If you'll note above, I never claimed that you claimed that your
proposed rule extends beyond the "thematic vowel".  I was saying that
*if* your rule was extended as such, we would expect to see *(xW)
ró:gs instead of *(xW)ré:gs.  Since that is not what we see, your
rule could not be extended that way.  That was my point.

> > With all due respect, what do you think we are talking about
> > here? I, for one, am not trying to distort the evidence into
> > something it is not.  Nor do I consider this to be an area where
> > it is okay to talk about how things "should (have) be(en)".  So I
> > would appreciate it if you would not imply otherwise.
>
> But you constantly refuse to accept what the language shows.

Wrong, Jens.  I often (but not always) do not accept your inferences
about what the language shows.  The ones that I do not accept are
those that I find untenable.  We are not arguing over facts here; we
are arguing over explanations for the facts.

> [snip]
>
> > True, but there's also the question of accent change and whether
> > it happened during the development of IE.  I think it did.
>
> But *consistently* so that a thematic vowel is never found to
> alternate with zero in dependency of the accent? Why is this honour
> peculiar to the thematic vowel?

It seems readily apparent to me that the zero-grading process did not
operate throughout the history of IE.  What's interesting is that the
forms in IE with the fullest vocalism also seem to be the most
recent.  (An example here is *pélekus 'axe', which is probably a
loanword.)  Now, from what I understand, apocope and syncope are far
more likely with stress-accent than with pitch-accent.  Given this, I
have concluded that, by the end of IE, the language had pitch-accent,
not stress-accent.

> You are simply giving up on the facts and just dreaming up some
> others that will suit you, in blatant contrast to your proclaimed
> ideals.

Why would I do that?  How could I benefit from doing such a thing?  I
can't think of any answer here; can you?

In other words, you are again mistaken about me.
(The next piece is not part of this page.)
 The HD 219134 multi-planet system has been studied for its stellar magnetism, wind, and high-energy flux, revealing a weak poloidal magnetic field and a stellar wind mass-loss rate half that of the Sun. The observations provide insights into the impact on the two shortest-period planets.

> > True, but it did not have to start out that way.  I keep seeing
> > connections between the 1sg, if indeed from *-ó-x or *-óx, and
> > the 1sg middle and perfect endings.
>
> But this is the 1sg active, primary ending, of thematic stems, and
> only that. Why would that be specially connected with either the
> middle voice or the perfect?

It is "only that" in the language traditionally reconstructed by IE
linguists, and which must be what the language looked like at its
very end.  We are trying to dig deeper than that.
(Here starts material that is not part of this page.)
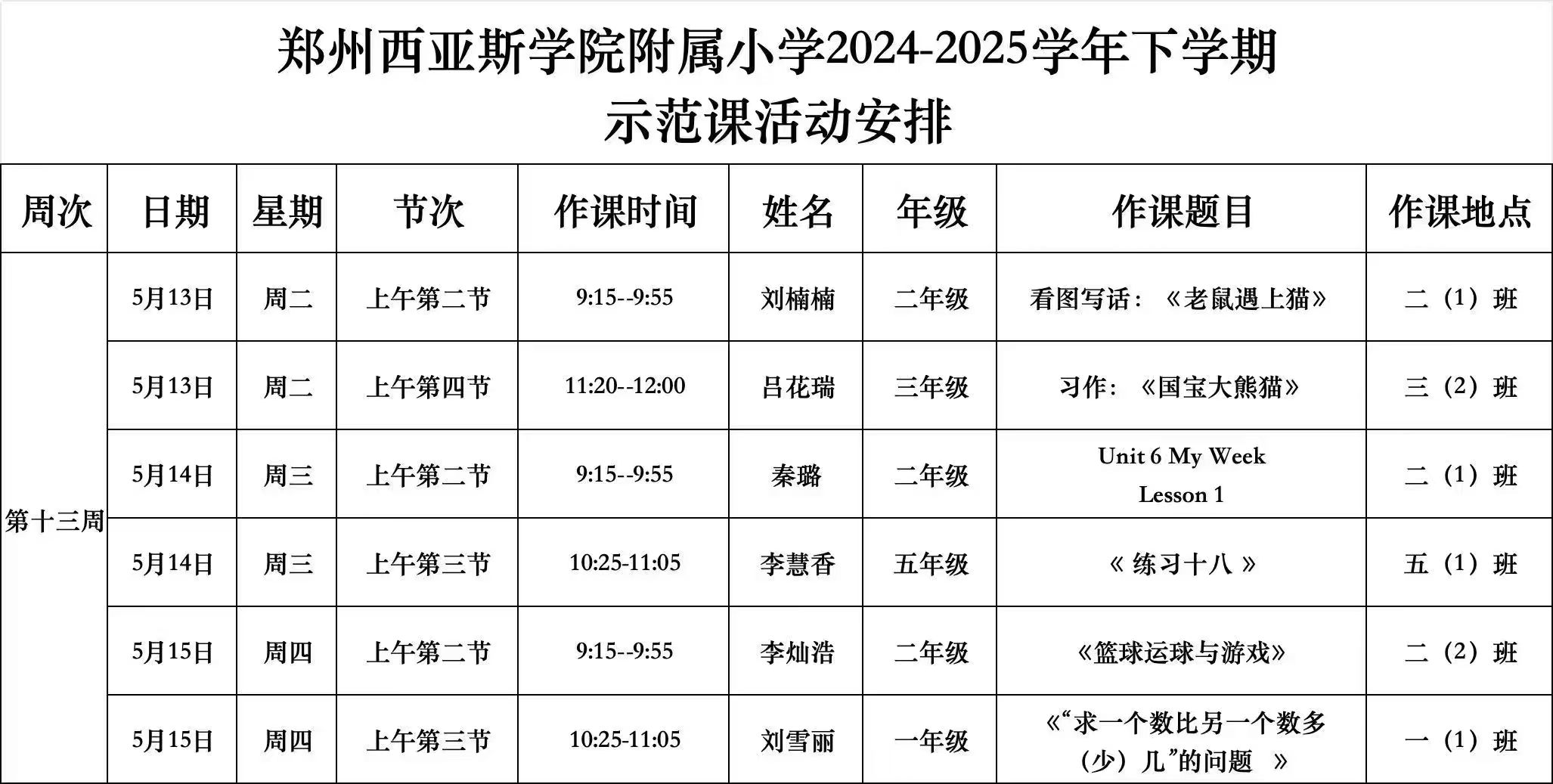 为充分发挥骨干教师在教育教学中的示范、引领和辐射作用,有效提升课堂教学质量,促进教师的专业成长,郑州西亚斯学院附属小学于5月12日——5月15日组织骨干教师开展示范课展示活动,本次活动涵盖语文、数学、英语、体育四个学科,教研组和老师们积极准备,力求在教学经验和心得上倾囊相授,通过创新教学实践展现课堂改革的多元成果。

To answer your question, I can say that it is not uncommon in
languages for non-active forms to develop into active forms.  This
process occurred in many early IE descendants, notably Latin and
Greek.  Perhaps it is not unreasonable to posit that the parent
language itself underwent a similar process.

Then again, the *-o: 1sg ending may be the result of sandhi, as you
seem to suggest.

> > > It is prs. *bhéro:, inj. *bhérom. Clearly *bhéro: occupies
> > > the position where one would have expected to see **bhéromi.
> > > Cowgill toyed with the idea that it represents the direct
> > > phonetic development from some such preform, and I tend to
> > > agree.
> >
> > What do you think the phonological processes looked like?  That
> > is, how do you think **bhéromi became *bhéro:?
>
> Much like expected *-oy-bhis ended up being *-ooys in the
> instrumental plural of o-stems.

Well, how did that happen?  What were the phonetic developments?
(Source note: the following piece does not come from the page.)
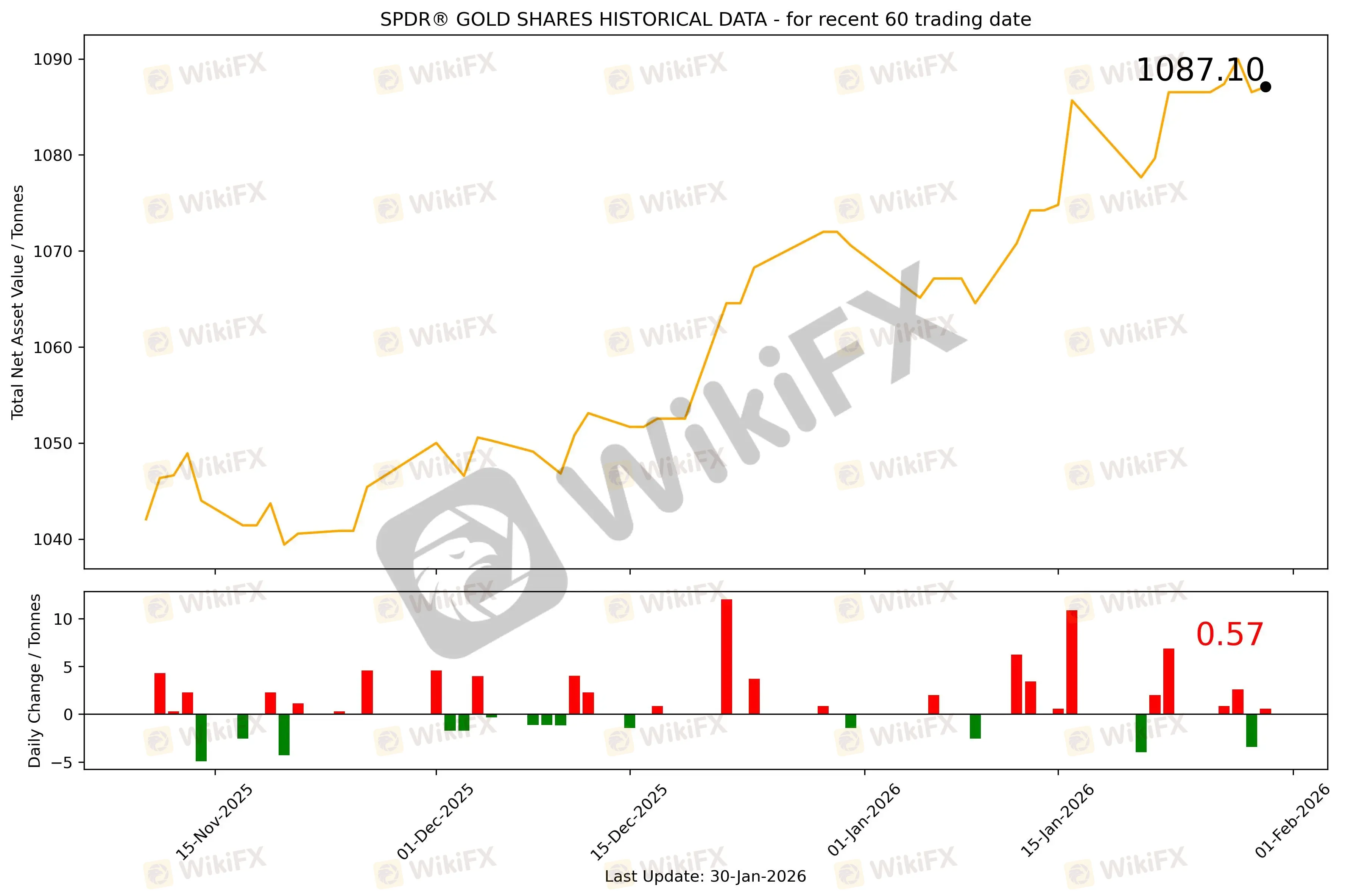 截至2026年1月30日,全球最大的黄金ETF SPDR Gold Trust持仓量为1087.10吨,较上一个交易日增加0.57吨。2026年1月30日现货黄金自5384.71美元/盎司开盘后宽幅震荡下行,盘中最低向下触及4682.908美元/盎司,创近40年最大单日跌幅。最终收于4895.118美元/盎司,跌484.232美元或9.00%。

> > > That the account does not add up. Is that not a problem?
> >
> > Explain, please.
>
> We are running around in circles. I did explain that, and you said
> it was a good point. You then say you have no problem with a wrong
> verbal voice, but that just casts doubt over your scholarly ideals.

Latin _sequo:r_ is translated into English as "I follow" -- that is,
with an *active* voice in English, although the verb is
morphologically *passive* in Latin.  If I understand you correctly,
you seem to be saying that the morphologically passive verbs with
active semantics in Latin are impossible.  Obviously they are not.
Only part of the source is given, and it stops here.